A first centrifugal pump 2 is arranged between the fermentation liquor storage tank 1 and the first horizontal spiral centrifuge 3, a second centrifugal pump 5 is arranged between the first slurry mixing tank 4 and the second horizontal spiral centrifuge 7, a third centrifugal pump 9 is arranged between the second slurry mixing tank 8 and the plate-and-frame filter press 10, and the first horizontal spiral centrifuge 3 and the second horizontal spiral centrifuge 7 are both connected with a mother liquor tank 6.
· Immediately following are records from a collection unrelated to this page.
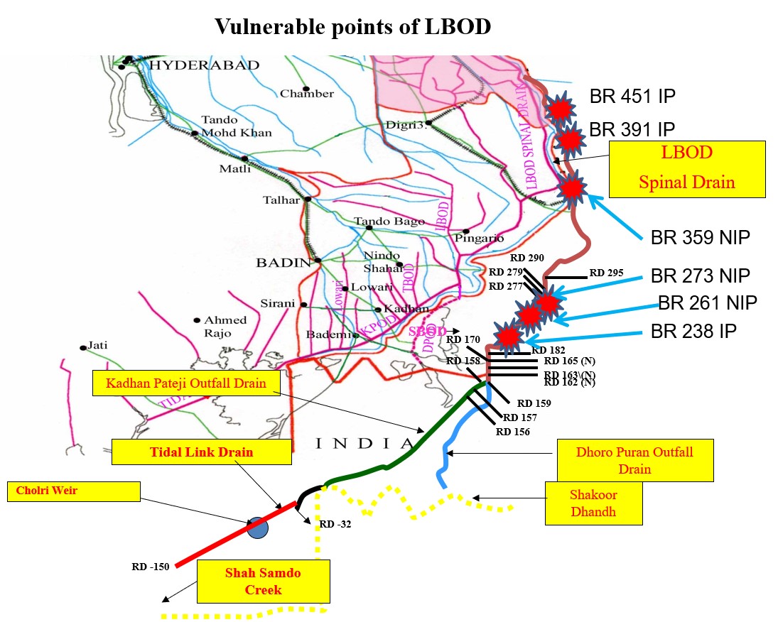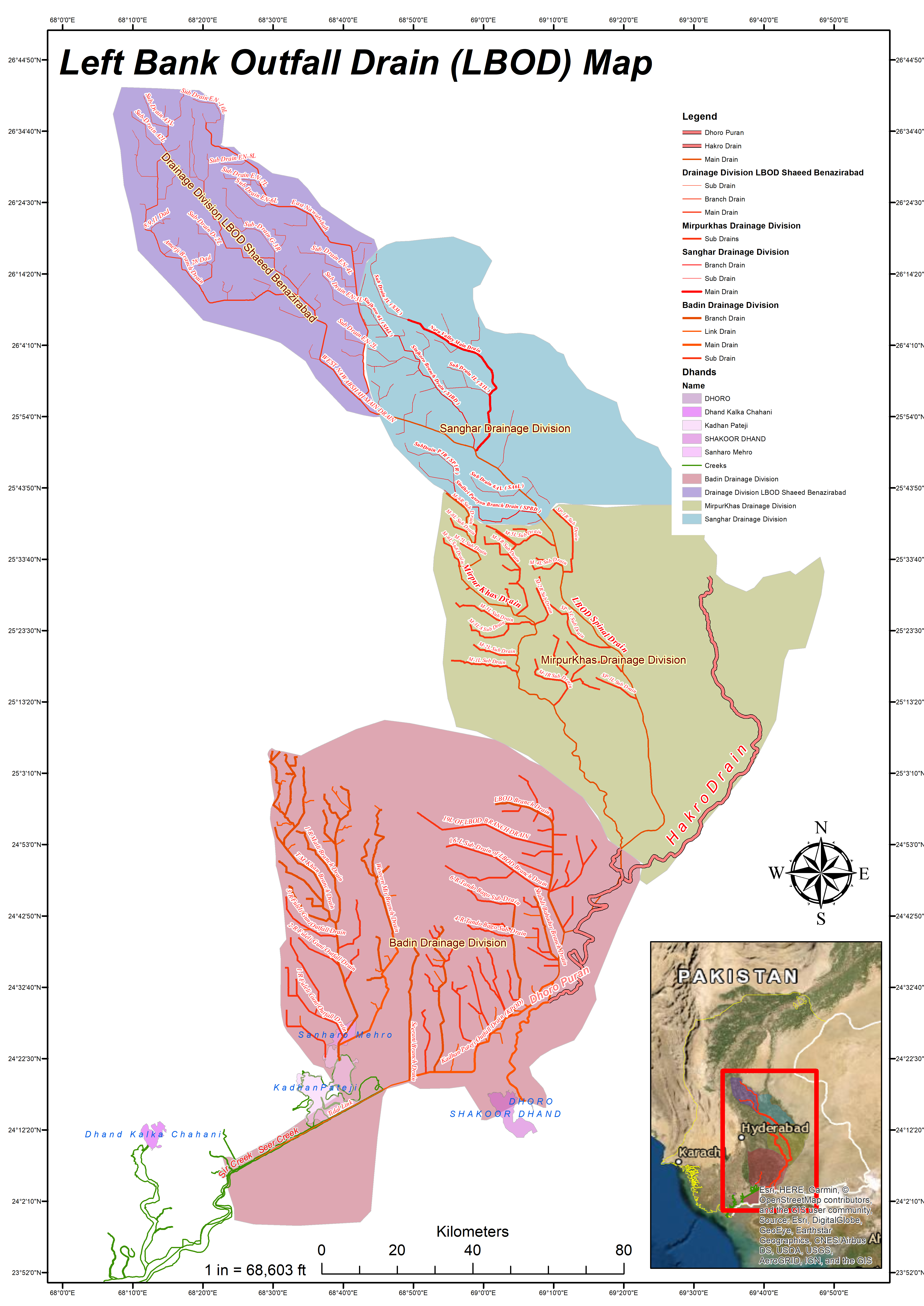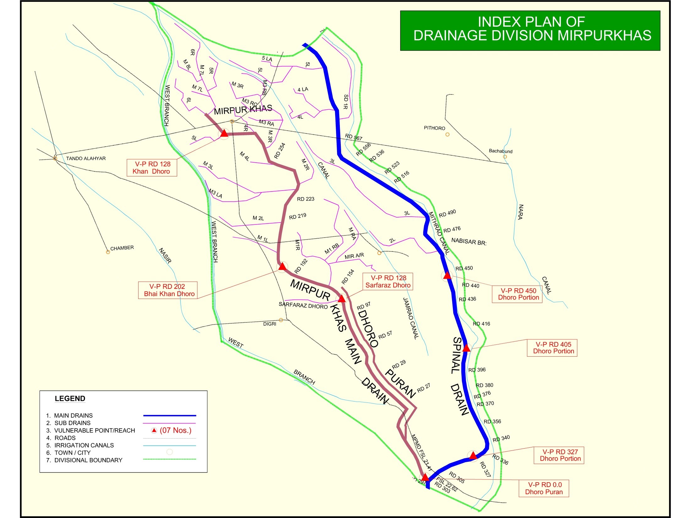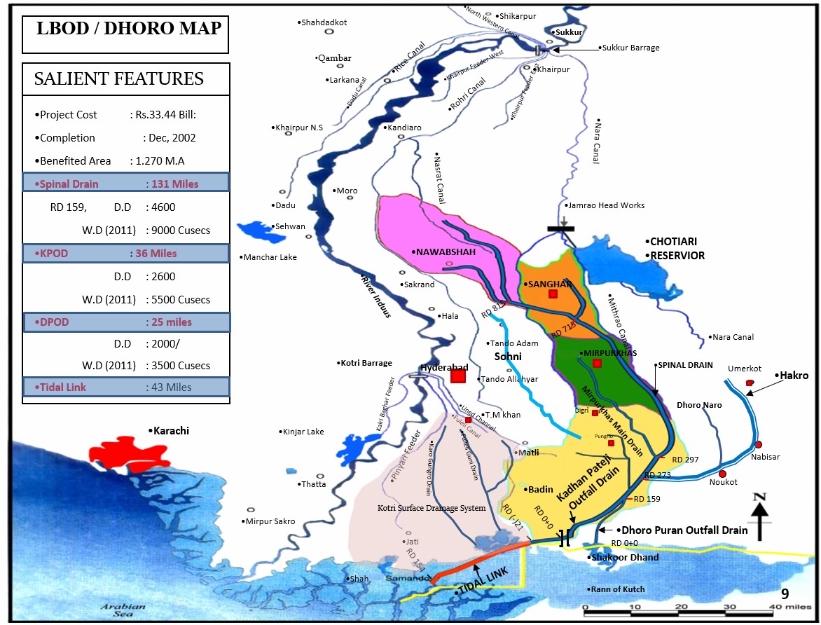 Background : The Left Bank Outfall Drain (LBOD) Project, approved by the International Development Association (IDA) on December 13, 1984, received a credit of $150 million. LBOD Stage I, implemented between 1984 and 1997, aimed to address waterlogging and salinity issues in 1.27 million acres across Shaheed Benazirabad, Mirpurkhas, Sanghar, and Badin Districts. The project's key component is the Spinal drain, which connects the drainage network to the sea through a Tidal Link. The LBOD spinal drain collects excess drainage and distributes it through a weir to two branch drains, the Kadhan Pateji Outfall Drain (KPOD) and the Dhoro Puran Outfall Drain (DPOD). The system was designed to direct highly saline drainage into the KPOD and ultimately to the sea via the 26-mile long canal known as the Tidal Link.
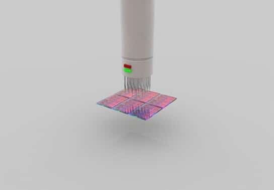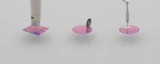 晶圓測試:內(nèi)核級別,大約10毫米/0.5英寸。圖中是晶圓的局部,正在接受第一次功能性測試,使用參考電路圖案和每一塊芯片進(jìn)行對比。
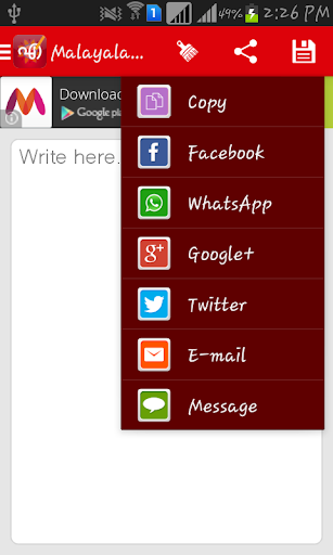 Malayalam Editor is a helpful tool to write in Malayalam and update your status, prepare notes in Malyalam.

A first valve 21 is arranged on a pipeline between the first horizontal screw centrifuge 3 and the first slurry mixing tank 4, a second valve 22 and a third valve 23 are arranged on a pipeline between the second horizontal screw centrifuge 7 and the second slurry mixing tank 8, a branch pipeline communicated with the screw conveyor 12 is arranged on a pipeline between the second valve 22 and the third valve 23, a fourth valve 24 is arranged on the branch pipeline, and a sampling valve 25 is arranged between the second horizontal screw centrifuge 7 and the second valve 22.
Example 1
The invention will be further described with reference to the accompanying drawings and specific embodiments so that those skilled in the art may better understand the invention, but the invention is not limited thereto.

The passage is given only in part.